If you follow @CBC_archives on Twitter, you may have noticed a post Wednesday about a “Giant” milestone in Canadian television: Bob Homme was born 100 years ago this month.

Homme, for those too young to remember, was for a quarter of a century The Friendly Giant. His simple, 15 minute series aired mid-mornings from the ’50s through the ’80s. Back when local and national kiddie shows aired on network television, Friendly was “Must See” for the wee folk.

The Wisconsin native later became a Canadian citizen and was eventually awarded the Order of Canada. He died in Grafton, Ont., in 2000 at the age of 81.

The series ran until 1985, when the cow jumped over the moon for the very last time. For many years, it was paired with Chez Helene, another daily quarter-hour quickie which featured a hyper little mouse named Suzie.

It was a simpler time. There were no virtual sets or other computer-generated effects, just smart storytelling and familiar friends.

Homme’s straight-forward approach was not unlike another TV Bob, Keeshan, who skippered CBS’s Captain Kangaroo for a similar 30-year stretch. Both had mellow voices and manners which instantly put you at ease. There wasn’t a lot of razzle dazzle to these shows, just visits with trusted friends who never wore out their welcome.


Friendly shared his castle with Rusty, a tiny little rooster who lived in a book bag by a castle window; and Jerome, the tall, talkative giraffe next door.

Homme bought Rusty, a simple hand puppet, at a Five & Dime store. “Bob’s wife dressed him up by sewing on Rusty’s polka dot pyjama top,” the man who operated the puppet, Rod Coneybeare, once told me. The ambidextrous puppeteer was the man behind both Rusty and Jerome.

“People don’t realize what a great actor Bob was,” said Coneybeare, who winged all his dialogue with Homme. “I always thought of him as the Spencer Tracy of children’s television. He never once talked down to his audience and treated them with total respect.”

Indeed, Homme never made personal appearances so as to not disillusion kids who might expect him to be 10 feet tall. He never tried to sell you anything, except on the notion that a story a day was a good thing. There was also never a trace of irony or cynicism on the show, even when Friendly sat in with the jazz cats, a trio of kitty puppets, for a little swing session.

A true pied piper, Homme played the bright, lilting Friendly Giant theme “Early One Morning” on his recorder live every show. For years it could be heard drifting out of Canadian music classrooms. A harpist accompanied him in studio every time. They had audio and video tape back then, of course, but the fact that the show was so hand-crafted was part of its charm.

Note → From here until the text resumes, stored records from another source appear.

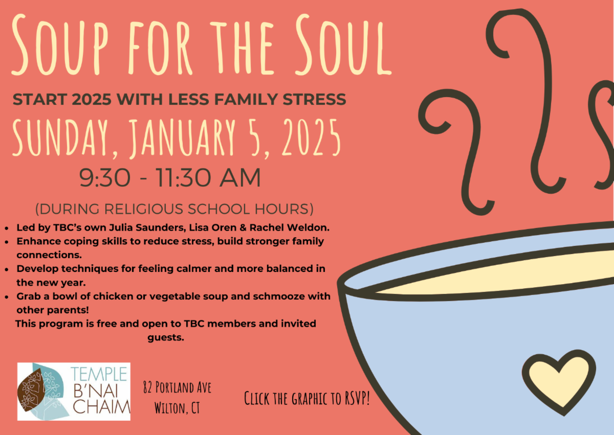 Sunday, January 5, 9:30 am - Adult Education "Soup for the Soul" Wellness Series - Click here to learn all about our presenters - Click here to RSVP.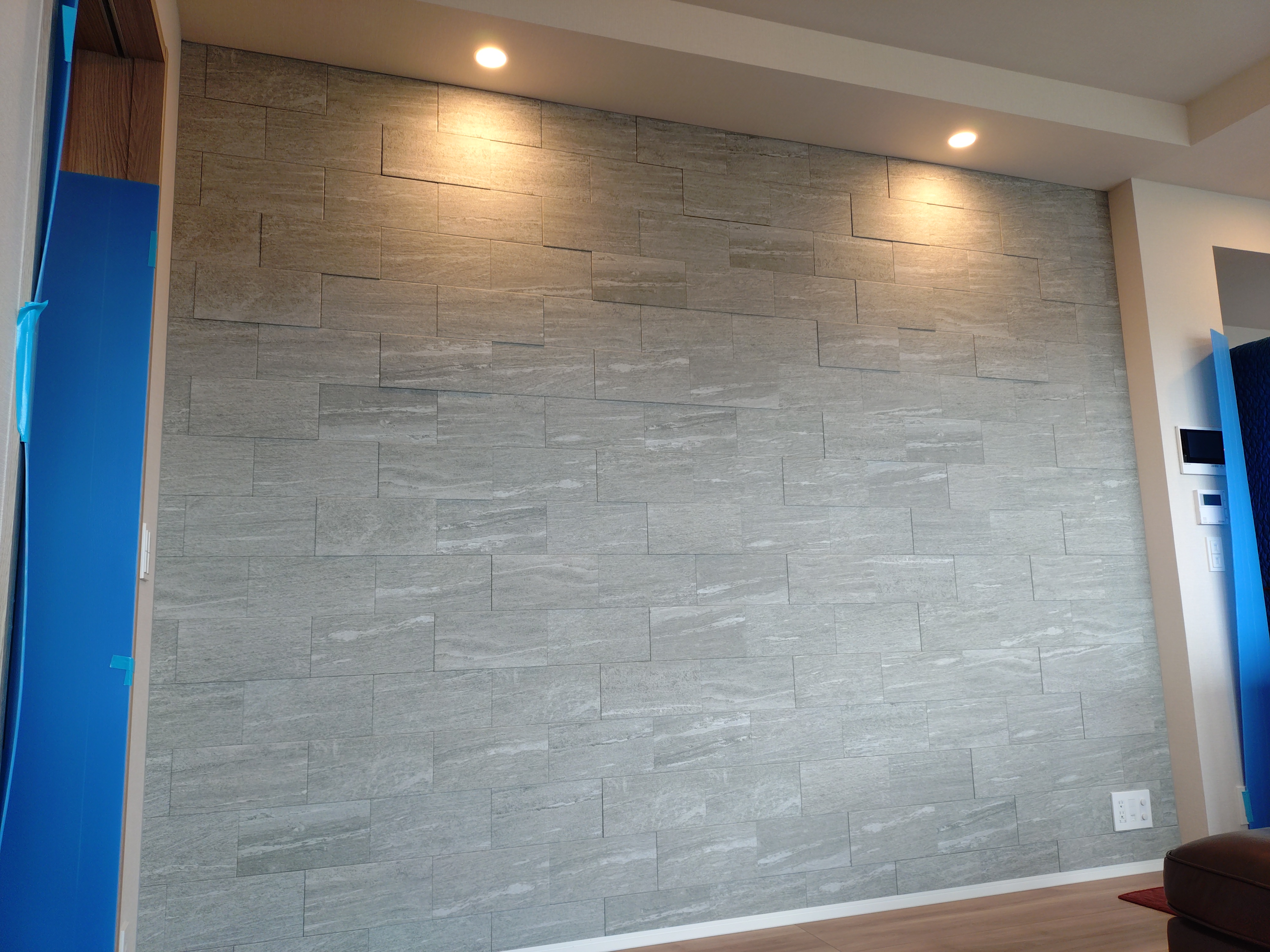 千種区のグランドメゾン池下ザ・ガーデンタワーにてエコカラット施工を行いました。陽の当たるリビングの壁にヴァルスロックのグレーを施工しました。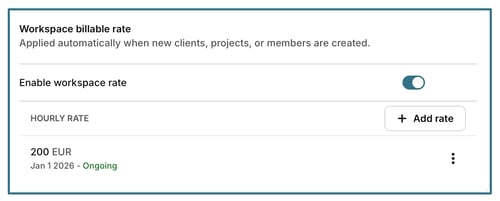 Set a default billable rate that is automatically applied when new clients, projects, or members are created in the workspace.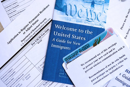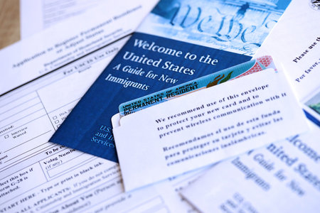 Permanent resident green card in envelope with application and guide for new immigrants lies on table close up
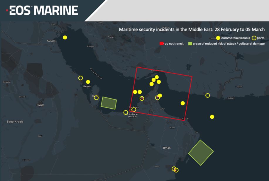 Σύμφωνα με τον ίδιο, το επίπεδο απειλής για τη ναυσιπλοΐα στα Στενά του Ορμούζ έχει ανέλθει στο υψηλότερο επίπεδο κινδύνου, με τις επιθέσεις ή τα περιστατικά εναντίον εμπορικών πλοίων στον Περσικό Κόλπο, στον Κόλπο του Ομάν και στην ευρύτερη περιοχή να έχουν φτάσει τουλάχιστον τα 13 από τα τέλη Φεβρουαρίου.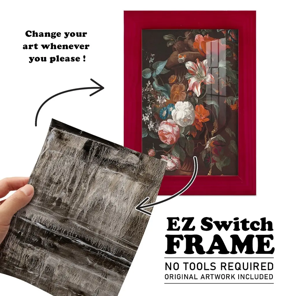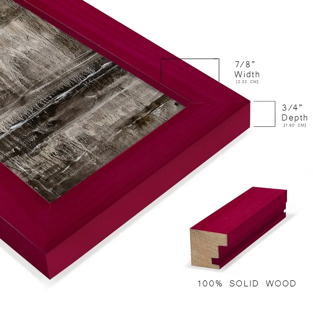 Continuum III -EZ SWITCH Framed Print w/glass-Cherry Red A delightful, framed print. Featuring a solid wood frame with real wood glass. This premium print is giclee quality. In addition, every frame features a removable back and table top stand. This allows you to change your art in the future or to just stand the art on a table for a new look. We are sure you'll enjoy our new series of EZ SWITCH Framed Art. Solid Wood Frame Real Glass Removable / Replaceable Art Built in Tabletop Stand Sizes range from 4x6 up to 12x15 - buy just one or pair them up as sets as you see fit.

Several years ago in Halifax, I met a crew member on This Hour Has 22 Minutes whose first job in television was cranking open and shut the drawbridge to the Friendly Giant’s castle. It was hand-cranked each and every show. This still sounds to me like the best job ever in television.

As for the big chair with room enough for two to curl up in, or the one for those who like to rock, they’re both right where Friendly left them, just within the reach of your imagination.